### Work instructions
Only the lines from the beginning of the entries through the one with "unique, imaginative, handcraft" should be written out, please, exactly and without any pictures.

### Data to examine
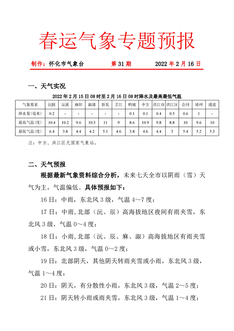 春運(yùn)氣象專題預(yù)報(bào) 第31期
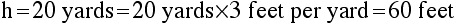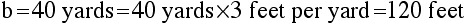 Now, in the figure shown the measurements are expressed in yards, but we want to compute the triangle's area in square feet, not square yards. This suggests that we should convert units from yards to feet before using the formula for area. To convert from yards to feet we multiply by 3:
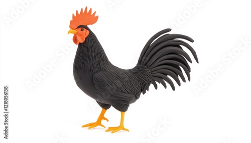 rooster, figurine, plastic, colourful, animal, toy, poultry, black, orange, bright, farm, model, creative, design, decoration, nature, wildlife, art, playful, fun, collectable, craftsmanship, display, cute, whimsical, character, vibrant, detailed, representation, farmyard, domestic, pet, hobby, craft, artistic, unique, imaginative, handcraft
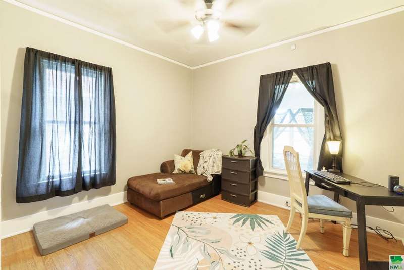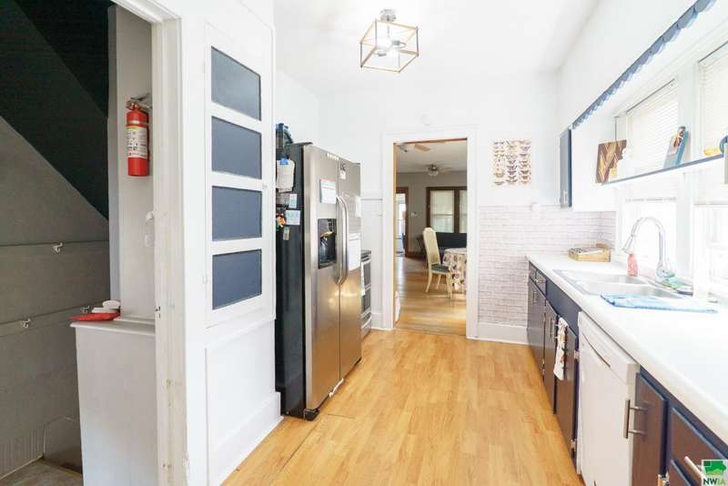 This inviting property offers two bedrooms on the main floor plus a finished dormer, giving you plenty of living options. The basement has been thoughtfully finished with new carpet, newer doors, and a sprayed black ceiling for a modern touch. Downstairs youll also find a second bathroom featuring a walk~in shower, new flooring, a new vanity, and fresh paint. An additional finished living space and office make the basement both functional and versatile. The main floor showcases hardwood flooring in most rooms, while the dormer also features hardwoods, adding warmth and character. Much of the interior has been freshly repainted, and the exterior has been updated with a fresh coat of paint as well, giving the home a bright and airy feel throughout. As you step inside, youll be welcomed by a cozy 3~season porch leading into the living room. The open layout flows seamlessly into the dining area and kitchen. Just off the kitchen, an additional room provides abundant cupboard and counter space ? ideal for storage, a prep area, or even a walk~in pantry. Practicality meets convenience with a dedicated laundry room and extra storage areas. Outside, the oversized two~stall detached garage with vinyl siding is accessible from the maintained city alley, and the fenced yard offers both privacy and space to enjoy. This home has been lovingly maintained and improved over the years, making it move~in ready for its next owner...
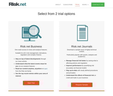 This was my biggest project during my time at Incisive Media. I redesigned 11 subscription sites, transforming basic static pages into modern microsites. The redesign resulted in an 18% reduction in bounce rates on the subscription order forms, 15% increase in online order cash YoY (worth £24k) and a 25% improvement in the Visitor to Trial conversion rate against the previous year. The redesign won Incisive Media's Marketing Initiative award in 2016.
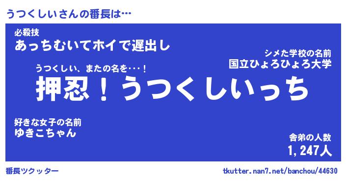 | ポケモン風あだ名 | 『ウツチュウ』『ウツクダネ』 |
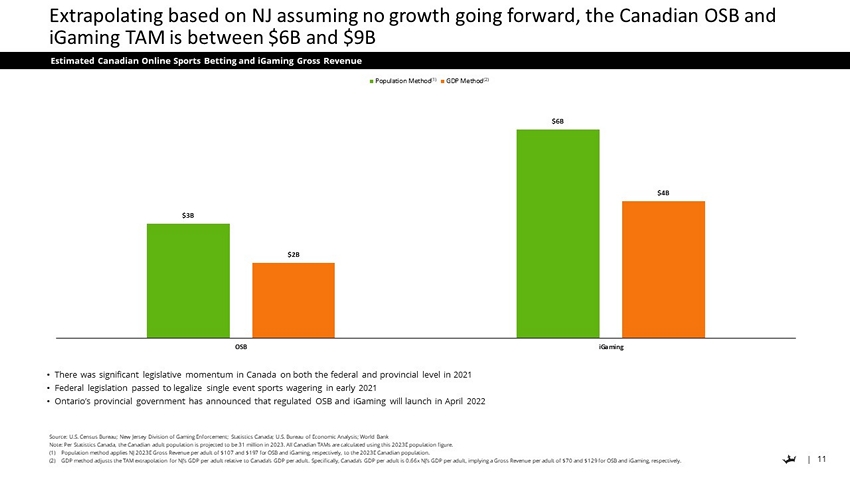 | 11 $3B $6B $2B $4B OSB iGaming Population Method GDP Method Estimated Canadian Online Sports Betting and iGaming Gross Revenue Source: U.S. Census Bureau; New Jersey Division of Gaming Enforcement; Statistics Canada; U.S. Bureau of Economic Analysis; W orl d Bank Note: Per Statistics Canada, the Canadian adult population is projected to be 31 million in 2023. All Canadian TAMs are calcu lat ed using this 2023E population figure. (1) Population method applies NJ 2023E Gross Revenue per adult of $107 and $197 for OSB and iGaming, respectively, to the 2023E C ana dian population. (2) GDP method adjusts the TAM extrapolation for NJ’s GDP per adult relative to Canada’s GDP per adult. Specifically, Canada’s GD P p er adult is 0.66x NJ’s GDP per adult, implying a Gross Revenue per adult of $70 and $129 for OSB and iGaming, respectively. • There was significant legislative momentum in Canada on both the federal and provincial level in 2021 • Federal legislation passed to legalize single event sports wagering in early 2021 • Ontario’s provincial government has announced that regulated OSB and iGaming will launch in April 2022 Extrapolating based on NJ assuming no growth going forward, the Canadian OSB and iGaming TAM is between $6B and $9B (1) (2)
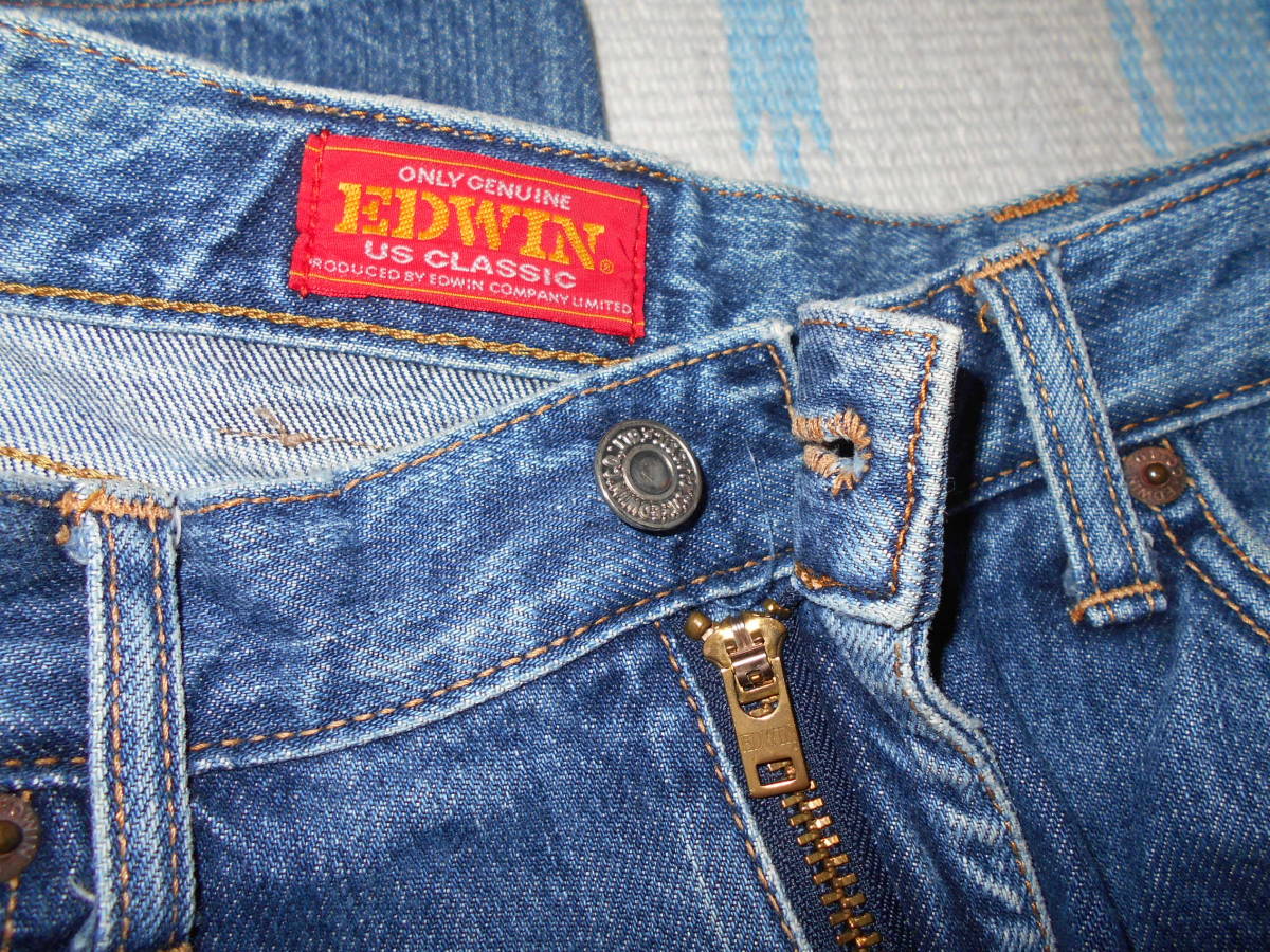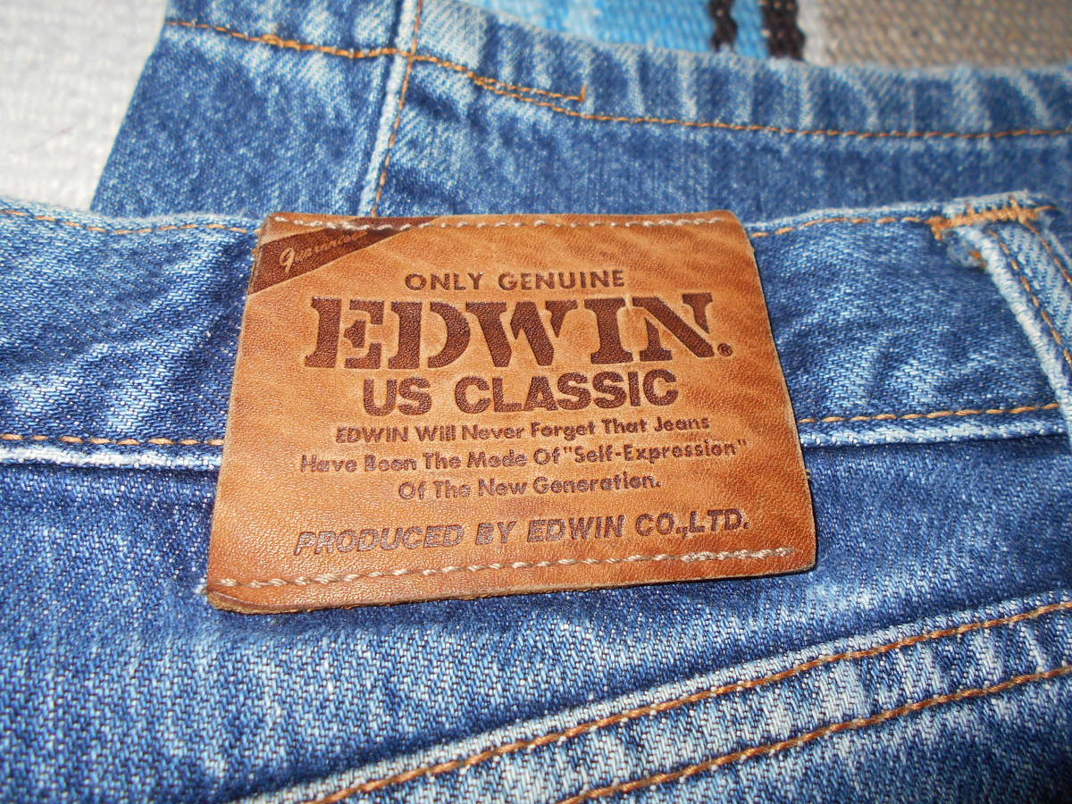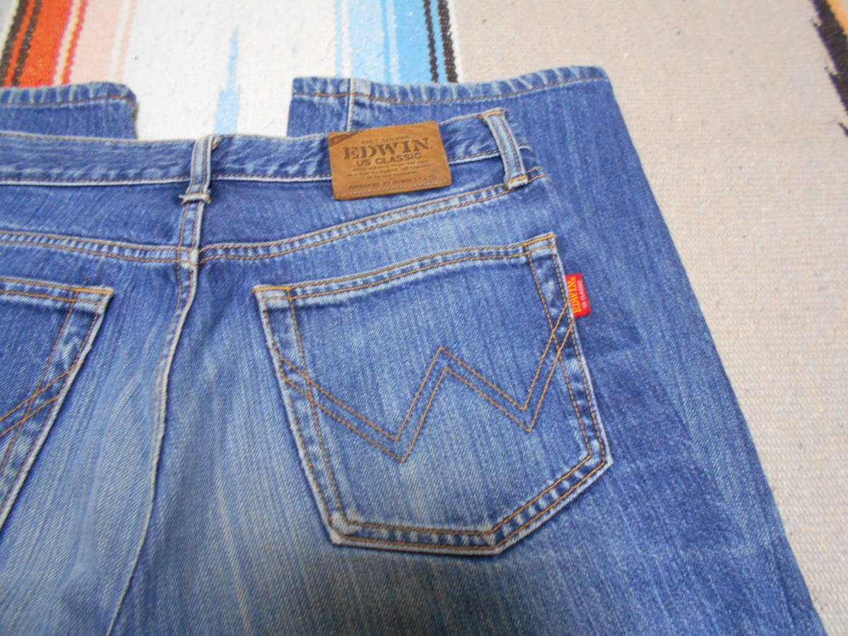 「EDWIN」 US CLASSIC 特有 ビンテージ縦色落ちインディゴデニム素材、随所の縫製やリベット補強の細部までしっかりした作り MADE IN JAPAN

### Written solution
 春運(yùn)氣象專題預(yù)報(bào) 第31期
 Now, in the figure shown the measurements are expressed in yards, but we want to compute the triangle's area in square feet, not square yards. This suggests that we should convert units from yards to feet before using the formula for area. To convert from yards to feet we multiply by 3:
 rooster, figurine, plastic, colourful, animal, toy, poultry, black, orange, bright, farm, model, creative, design, decoration, nature, wildlife, art, playful, fun, collectable, craftsmanship, display, cute, whimsical, character, vibrant, detailed, representation, farmyard, domestic, pet, hobby, craft, artistic, unique, imaginative, handcraft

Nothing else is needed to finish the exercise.